After an exploration, designers get a mapping and its best set of IRs on bottleneck processes. The best set of IRs indicates how much bottleneck processes should be improved to satisfy the design constraints for the mapping. In addition, exploration on different mappings may bring better ones. Thus, designers can easily find the best mapping and its set of IRs on bottleneck processes among several pairs of them.

**STEP I** From base\_set\_IRs, new sets of IRs are generated by a function GenerateNewSetsIRs. Only an IR in base\_set\_IRs is increased at once. Before the exploration, designers have to define static increasing number. Generating new sets of IRs on all IRs, the number of new sets is twice the number of processes in maximum.

**STEP II** Execution time and hardware area are estimated for all sets of IRs in sets\_IRs.
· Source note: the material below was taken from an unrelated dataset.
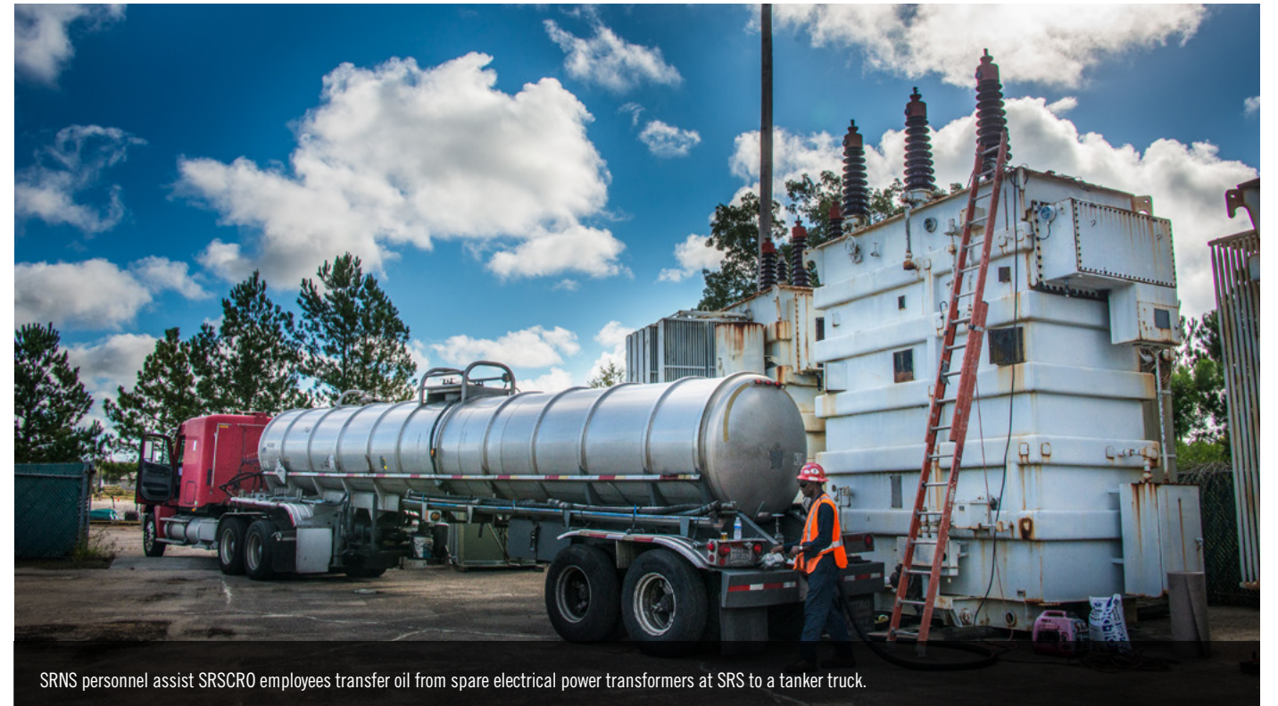
SRNS personnel assist SRSCRO employees transfer oil from spare electrical power transformers at SRS to a tanker truck.

Trace-based estimation tools [7, 8] are assumed to be used to estimate the entire execution time with IRs. The tools usually take profiles of process

execution time as input. For that, the tools can estimate the entire execution time with IRs by arranging the profiles of execution time. Hardware area is estimated by summation of the area of hardware modules. Area of hardware module is reduced when the hardware area is estimated with IRs.

**STEP III** Sets of IRs are evaluated by the cost function (costFunction) to determine the best set of IRs. Better set of IR is assumed to have smaller value. Without this evaluation, only an IR of a process may be increased. This causes to produce unrealizable value of IR such as 100%. The definition of the cost function is described in Sect. 3.4.
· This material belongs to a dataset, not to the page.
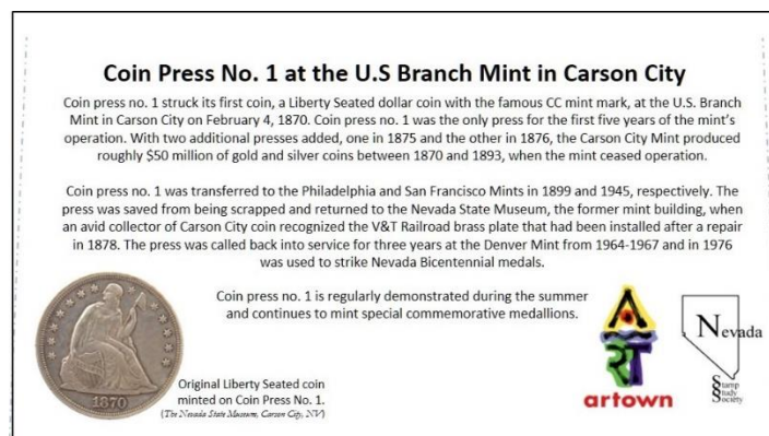
Mock-up of the cover with special cancel and info on Coin Press No. 1.

The July 26 th show cover (above) celebrates "150 Years of Minting in Nevada." It also includes its own special pictorial cancellation with one of the "Enjoy the Great Outdoors" stamps issued June 13, 2020, at Incline Village, NV, along with a brief history of Coin Press No. 1 and the Carson City Branch Mint. The minting cancellation is based on the design of special commemorative medallions issued by the Nevada State Museum.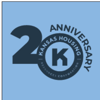
Variation Indigo on Blue

**STEP IV** A function, MinEval, returns a set of IRs that has minimum evaluated value. Because better set of IRs has smaller value, this step selects the best set of IRs among the generated sets of IRs. The selected set of IRs become base\_set\_IRs for further exploration.

#### 3.4 Detail of cost function

In order to determine better sets of IRs, we propose a cost function (costFunction). First of all, the set of IRs should make a mapping satisfy the design constraints because this is the main purpose. So the cost function allows IRs to increase their values. Secondly, the set of IRs should not have impossible values of IRs such as 100%. So the cost function have to prevent that a set of IRs includes such impossible values. Thirdly, there may be some processes that are no longer improved. Such processes should not be listed to improve more. From these points, the cost function should have three features below. Note that smaller value is assumed to be better.

- 1. The value of cost function gets smaller (better) when the estimated execution time and hardware area close to the design constraints (the values of IRs get larger).
- 2. The value of cost function should be larger for large IRs to prevent impossible values of IRs.
- 3. Designers can set easiness of improvement on all processes separately.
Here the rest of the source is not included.